August 5, 2019 report
Experiments suggest macaques are capable of making decisions based on inference
A team of researchers at Columbia University has carried out experiments with macaques and in so doing has found evidence that suggests they are capable of inference-based thinking. In their paper published in the journal Science Advances, the group describes the experiments they carried out and what they learned from them.
Most humans are exposed to transitive inference in grade school math classes. It generally comes in the form of being shown that if variable A comes before variable B and variable B comes before variable C, logic suggests that variable A must come before variable C. The human mind is able to "see" all three variables as a sequence and because of that, understand the ideas that are being expressed. Until recently, it was thought that humans were the only creatures capable of such thinking. Some studies have shown that other primates are able to carry out such logic too, as are some birds and even wasps. Now it appears that macaques can be added to the list of animals due to the results of the experiments carried out in this new effort.
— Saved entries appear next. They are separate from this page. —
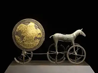 La culture proto-indo-européenne se caractérise également par la domestication du cheval, l'usage de la roue et de chars à bœufs. Le proto-indo-européen contient au moins cinq mots qui se réfèrent à la roue, ce qui témoigne de l'importance de cet objet dans la culture proto-indo-européenne[99]. On retrouve plus de 2 500 chariots dans la zone des plaines pontiques et de la mer Noire et la mer Caspienne entre 3500 et 3000 avant J.-C., région appartenant à l'espace de la culture kourgane[100]. La maîtrise du cheval qui se retrouve notamment chez les Hittites et l'usage de chariots à bœufs permettra la diffusion de la culture Yamna sur l'espace eurasien[101].
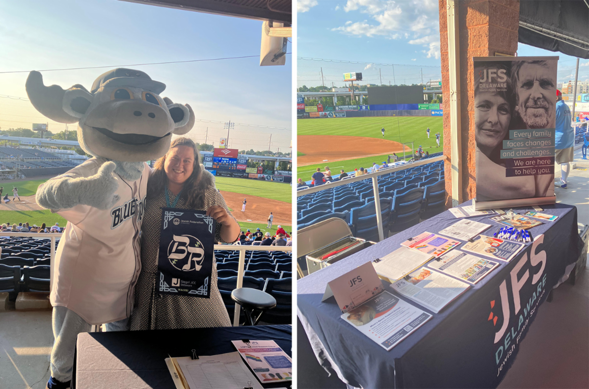 Rabbi Beals from Congregation Beth Shalom opened the night with the national anthem of Israel. JFS had a table on the concourse, as did the JCC, the Jewish Federation of Delaware, and PJ Library at Delaware and Brandywine Valley.
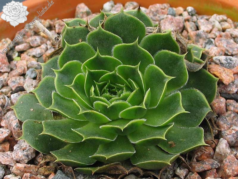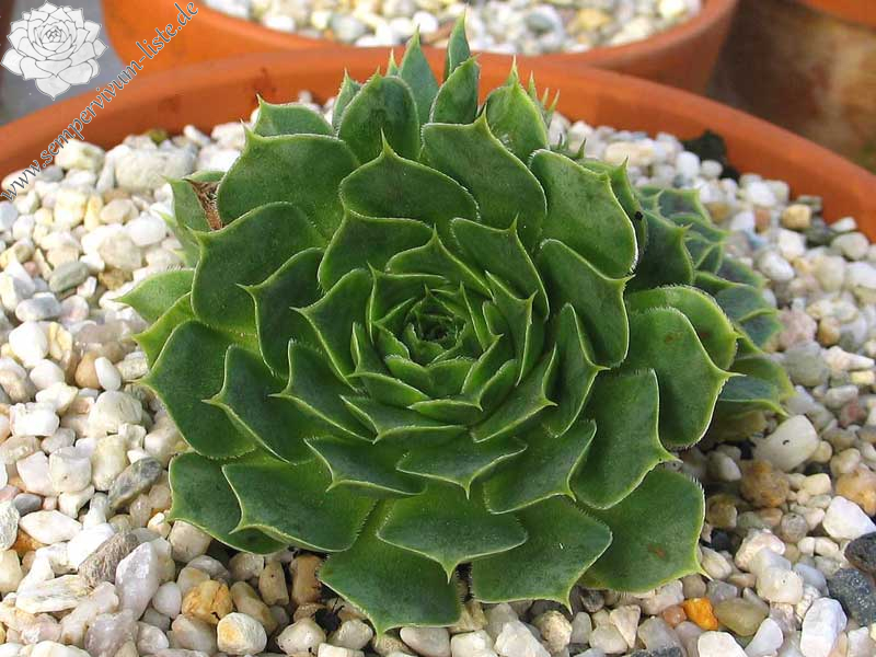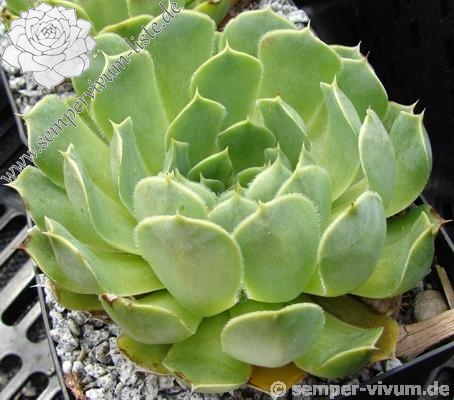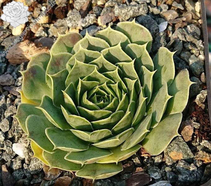 Erwin Geiger: Große, jadegrüne Rosetten, gefunden in Griechenland. Bei vollsonnigem Standort nehmen die Blätter einen leicht gelblichen Ton an.

The experiments carried out by the researchers consisted of teaching several macaques to learn which of two items in pairs of cards came before the other—by giving them rewards. The researchers then extended the experiments by asking the macaque volunteers which of two in a pair (taken from the pairs they were trained on) came first based on what they knew about the sequence history of the pairs from which they were taken. But the researchers carried out this second part of the experiment in two ways. In the first, the macaques got a bigger reward (a bigger drink of water) for correct answers and smaller drinks for wrong answers. In the second way, things were reversed, the macaques got less reward for correct answers and more reward for wrong answers.
The researchers report that the macaques did only slightly better when given the bigger reward. They suggest this shows the macaques were able to use transitive inference to arrive at the right answer and were not just responding to get a reward.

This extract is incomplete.